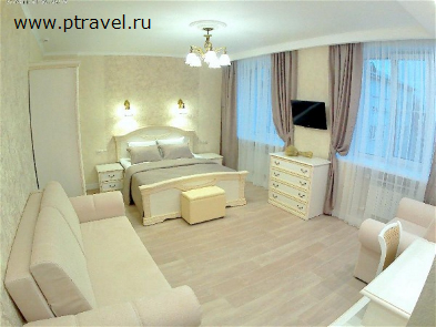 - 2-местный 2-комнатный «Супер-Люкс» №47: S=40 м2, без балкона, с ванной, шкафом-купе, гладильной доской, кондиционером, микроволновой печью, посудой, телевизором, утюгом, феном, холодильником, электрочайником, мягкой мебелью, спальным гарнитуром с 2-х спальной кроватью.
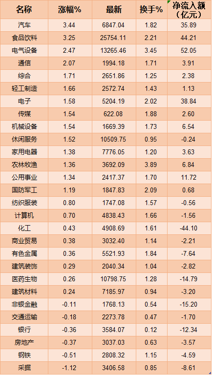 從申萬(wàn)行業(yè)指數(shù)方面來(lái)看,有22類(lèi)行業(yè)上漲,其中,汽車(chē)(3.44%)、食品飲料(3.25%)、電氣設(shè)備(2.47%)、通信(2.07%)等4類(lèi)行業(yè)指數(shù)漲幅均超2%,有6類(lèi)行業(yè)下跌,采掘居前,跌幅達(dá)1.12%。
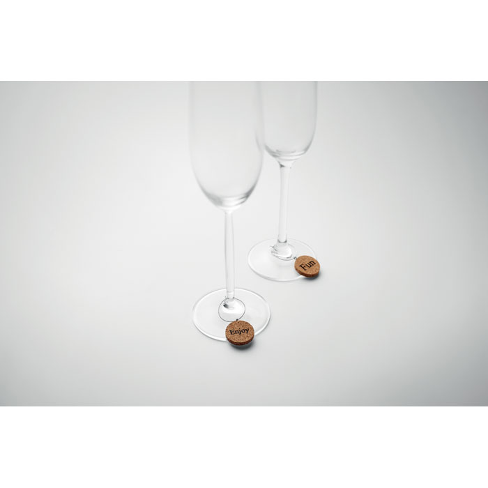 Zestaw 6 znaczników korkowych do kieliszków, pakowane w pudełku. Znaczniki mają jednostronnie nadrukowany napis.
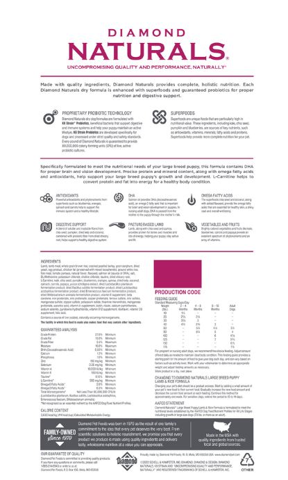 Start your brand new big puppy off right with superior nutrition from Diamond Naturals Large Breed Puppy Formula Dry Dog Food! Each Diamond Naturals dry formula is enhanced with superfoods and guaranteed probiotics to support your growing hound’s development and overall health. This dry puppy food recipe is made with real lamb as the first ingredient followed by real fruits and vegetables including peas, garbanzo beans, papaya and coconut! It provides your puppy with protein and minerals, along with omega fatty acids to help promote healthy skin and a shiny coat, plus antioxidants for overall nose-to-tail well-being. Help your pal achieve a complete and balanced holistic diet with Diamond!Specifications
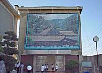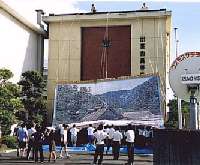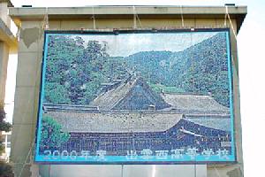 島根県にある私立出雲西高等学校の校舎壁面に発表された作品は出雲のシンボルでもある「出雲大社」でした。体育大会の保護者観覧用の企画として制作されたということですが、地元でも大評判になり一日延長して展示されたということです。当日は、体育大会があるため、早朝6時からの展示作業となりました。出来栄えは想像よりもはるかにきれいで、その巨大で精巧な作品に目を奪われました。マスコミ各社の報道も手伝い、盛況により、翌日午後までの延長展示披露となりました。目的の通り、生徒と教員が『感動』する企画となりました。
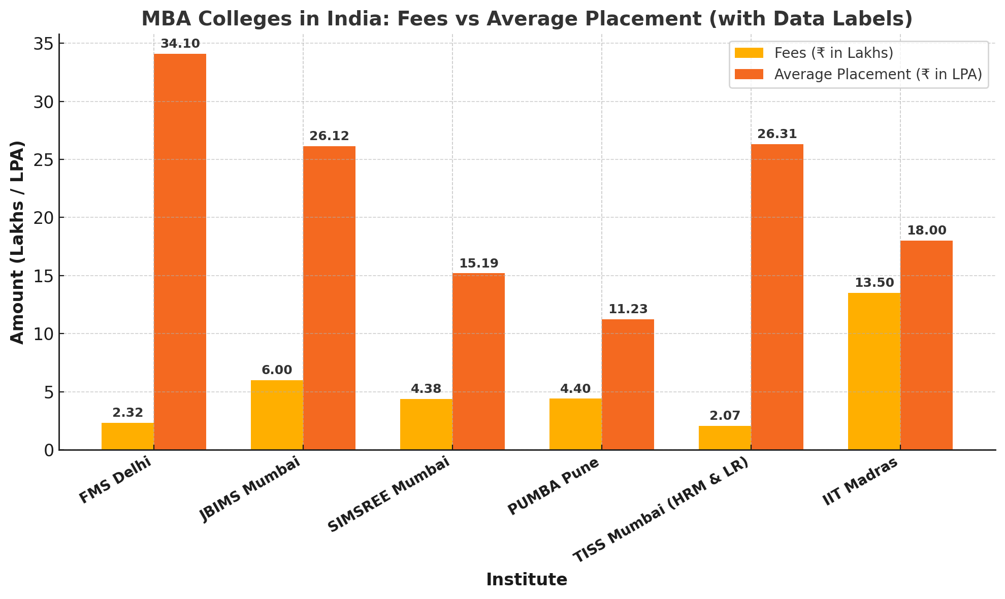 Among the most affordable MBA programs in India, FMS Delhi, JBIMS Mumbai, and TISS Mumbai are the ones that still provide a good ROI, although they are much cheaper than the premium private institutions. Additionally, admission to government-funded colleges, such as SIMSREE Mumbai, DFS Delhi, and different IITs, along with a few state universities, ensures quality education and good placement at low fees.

__________________________________________________

_Task instructions:_
The answer must be the lines above, word for word, from the first one through the line with "Zestaw 6 znaczników", pictures excluded.

_Written solution:_
 - 2-местный 2-комнатный «Супер-Люкс» №47: S=40 м2, без балкона, с ванной, шкафом-купе, гладильной доской, кондиционером, микроволновой печью, посудой, телевизором, утюгом, феном, холодильником, электрочайником, мягкой мебелью, спальным гарнитуром с 2-х спальной кроватью.
 從申萬(wàn)行業(yè)指數(shù)方面來(lái)看,有22類(lèi)行業(yè)上漲,其中,汽車(chē)(3.44%)、食品飲料(3.25%)、電氣設(shè)備(2.47%)、通信(2.07%)等4類(lèi)行業(yè)指數(shù)漲幅均超2%,有6類(lèi)行業(yè)下跌,采掘居前,跌幅達(dá)1.12%。
 Zestaw 6 znaczników korkowych do kieliszków, pakowane w pudełku. Znaczniki mają jednostronnie nadrukowany napis.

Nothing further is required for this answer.